Remaining ‘culturally deaf’ to hear the word of God

July 15, 2014

HOUSTON — The Catholic Church is interested in creating an inclusive and welcoming community so that all may be one in Christ. For the past 40 years, St. Dominic’s Deaf Center in the Archdiocese of Galveston-Houston has focused on spreading God’s message and love by remaining “culturally deaf,” where languages, customs and traditions that are appropriate for the deaf and hard of hearing community are included in all celebrations.

“Our ministry provides an access for the deaf and hard of hearing that would not be possible at a regular parish,” said Father Len Broniak, C.Ss.R. “By remaining ‘culturally deaf’ at St. Dominic’s, the individual can have a feeling of self-worth and independence through participation. Family members also are able to see the deaf individual as his or her own person, not as a problem to be solved.”

Father Broniak said the mission of St. Dominic’s is to give every deaf and hard of hearing person the opportunity to fully practice their faith. He said it can happen at the center or the individual’s home parish. The ministry has a wide scope, but a singular purpose — to help improve their faith life. 
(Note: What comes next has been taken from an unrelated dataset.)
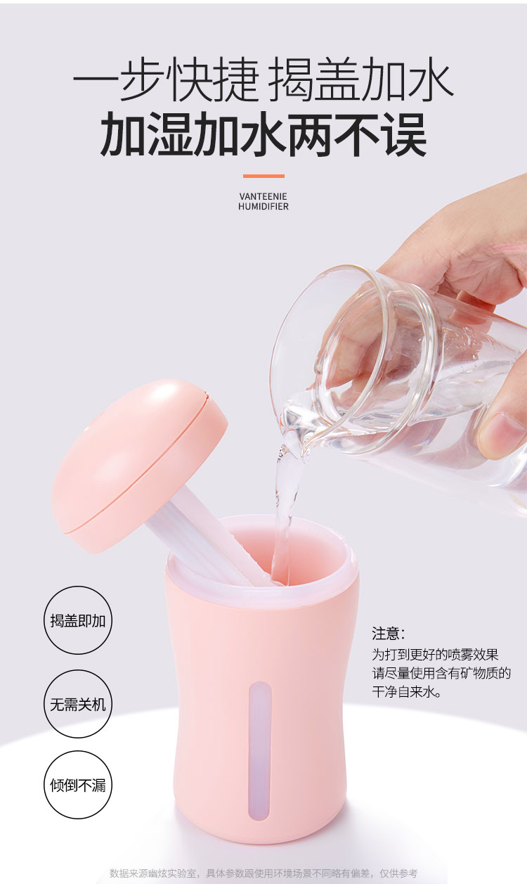 这个加湿器的质量很好的呢,收到货之后就立马插上电就开始用了,感觉很不错哦,第一次使用都是没有异味的呢,喷雾也是很细腻、很大,加自来水就可以。加湿效果也还不错呢,使用了几天之后就明显的感觉到第二天起床皮肤都没有那么的干燥啦。灯有很多色,实物很是萌萌哒,很满意的一次网购。

Father Broniak said St. Dominic’s, which is one of 60 ministries in the Archdiocese supported by the Diocesan Services Fund (DSF), provides a variety of programs, processes and services. This includes catechism for deaf children offered in sign language, a fully functioning liturgy team where everything is done in sign language with a voice interpreter for hearing members, and a governing council to help plan activities for the community. The ministry also offers baptism and marriage preparation for deaf adults, and can provide, upon request, interpreters for home parish events, such as funerals, weddings, baptisms, first communions and confirmations, etc.

Deacon William Koch, who was ordained in 1981 as the first deacon who was deaf in the Archdiocese of Galveston-Houston, has benefited from participating in programs at St. Dominic’s, and through volunteer work for 33 years. He also has two sons that also have benefited; one son, who is hard of hearing, and his younger son who is deaf.
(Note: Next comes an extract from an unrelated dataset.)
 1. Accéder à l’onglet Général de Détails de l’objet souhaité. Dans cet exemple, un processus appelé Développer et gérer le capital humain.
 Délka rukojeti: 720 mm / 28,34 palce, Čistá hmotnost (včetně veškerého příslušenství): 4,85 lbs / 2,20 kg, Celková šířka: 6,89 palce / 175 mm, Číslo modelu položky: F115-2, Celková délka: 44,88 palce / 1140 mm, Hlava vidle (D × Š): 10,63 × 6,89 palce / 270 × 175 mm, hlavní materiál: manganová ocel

Deacon Koch said he faced challenges as a young adult in the 1960s before St. Dominic’s came into existence. There were limited services offered to the deaf and hard of hearing community at the time, and because he didn’t know sign language well then, he believes this helped prevent him from entering the seminary to become a priest.
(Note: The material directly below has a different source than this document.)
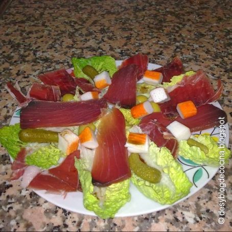 Esparcimos los pepinillos y el surimi y para terminar un poquito de vinagre de módena sobre las puntas delas hojas del cogollo. Listo para comer!!!

“In my early twenties, the priest I met with said I could not communicate well enough with the hearing people to give homilies, baptisms, marriages and funerals at church, so I wasn’t able to enter the seminary,” Deacon Koch said. “A few years later, I learned sign language through friends, and when a priest came to Houston and started a church for the deaf, I became interested and involved with the deaf community at that time.”

In the late 1970s, once Deacon Koch learned he could enter the Permanent Diaconate Program, with the help of two dedicated interpreters at his side, he attended St. Mary’s Seminary for three years, and was ordained in 1981 as the first deaf deacon.

In addition to the faith formation classes at St. Dominic’s, Koch believes the main programs that have positively impacted his children was the sign language offered during Mass so they could hear the word of God, as well as having them involved in liturgical celebrations at Christmas, Lent and Easter. He also has found the RCIA program and explanations about the Sacrament of Baptism, Matrimony and funerals that are taught in sign language to be invaluable to those who seek those services.